Supplied material -
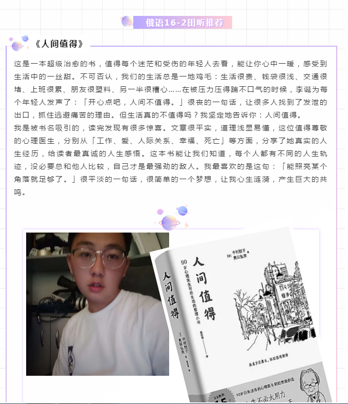 为营造毕业季浓情氛围,抒发毕业生们情系母校、心系学弟学妹的真挚情感,面向毕业生开展了推荐书籍活动,毕业生们从自己的阅读心得出发,畅谈读书感受和收获,推荐分享给学弟学妹们,他们用一本本书传递着浓浓的情谊,让学弟学妹在读书中感受学习的快乐,体验成长的乐趣,不断提高自我阅读品位,为精神打底,为人生奠基。
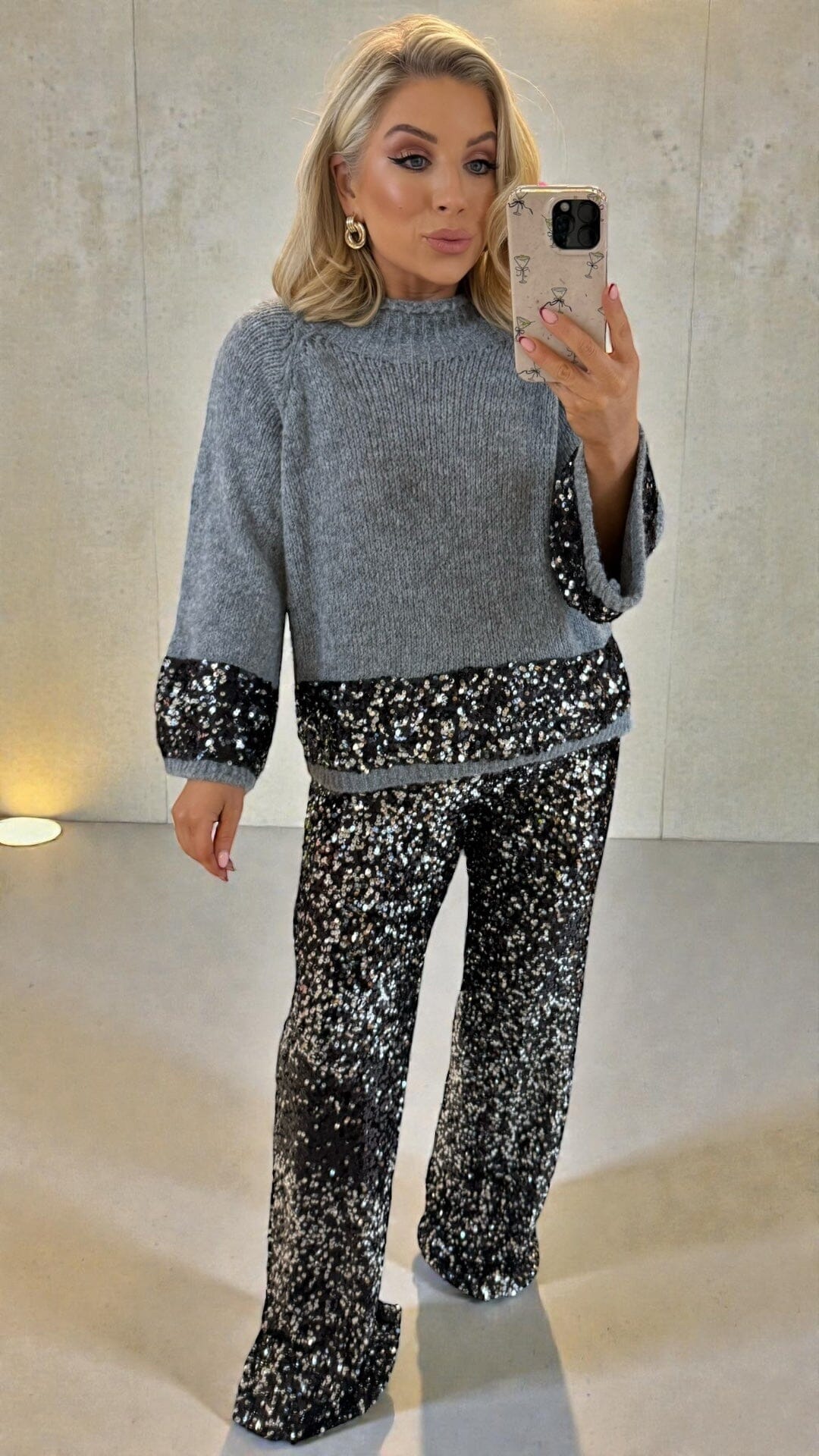 THE RIVIERA SEQUIN TROUSERS - GREY
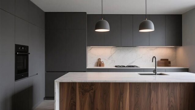 Charcoal grey minimalist kitchen with walnut cabinets and pendant lighting in warm ambiance
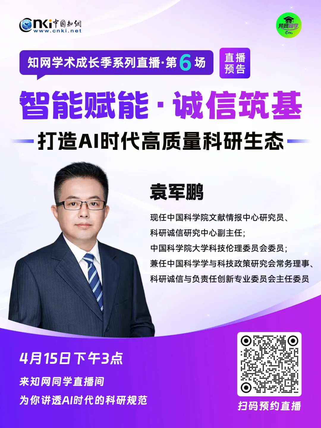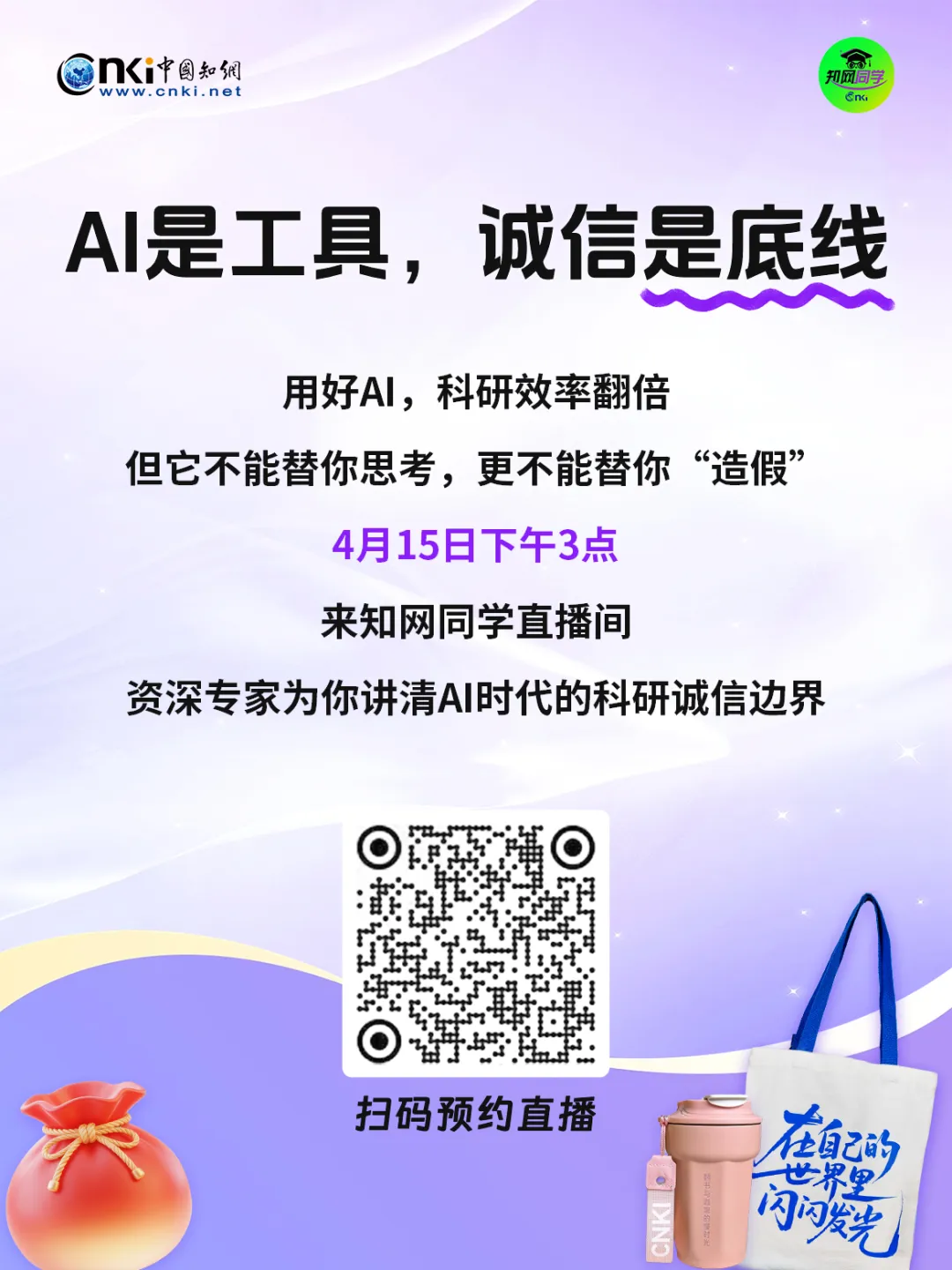 ⏰ 4月15日下午3点📺 来知网同学直播间为你详细解读AI工具规范使用的边界与标准一起恪守科研诚信,维护学术生态🤝 快来预约吧!

Required action - When you reach a picture, pass over it; write out all other material exactly.

Written response -
 为营造毕业季浓情氛围,抒发毕业生们情系母校、心系学弟学妹的真挚情感,面向毕业生开展了推荐书籍活动,毕业生们从自己的阅读心得出发,畅谈读书感受和收获,推荐分享给学弟学妹们,他们用一本本书传递着浓浓的情谊,让学弟学妹在读书中感受学习的快乐,体验成长的乐趣,不断提高自我阅读品位,为精神打底,为人生奠基。
 THE RIVIERA SEQUIN TROUSERS - GREY
 Charcoal grey minimalist kitchen with walnut cabinets and pendant lighting in warm ambiance
 ⏰ 4月15日下午3点📺 来知网同学直播间为你详细解读AI工具规范使用的边界与标准一起恪守科研诚信,维护学术生态🤝 快来预约吧!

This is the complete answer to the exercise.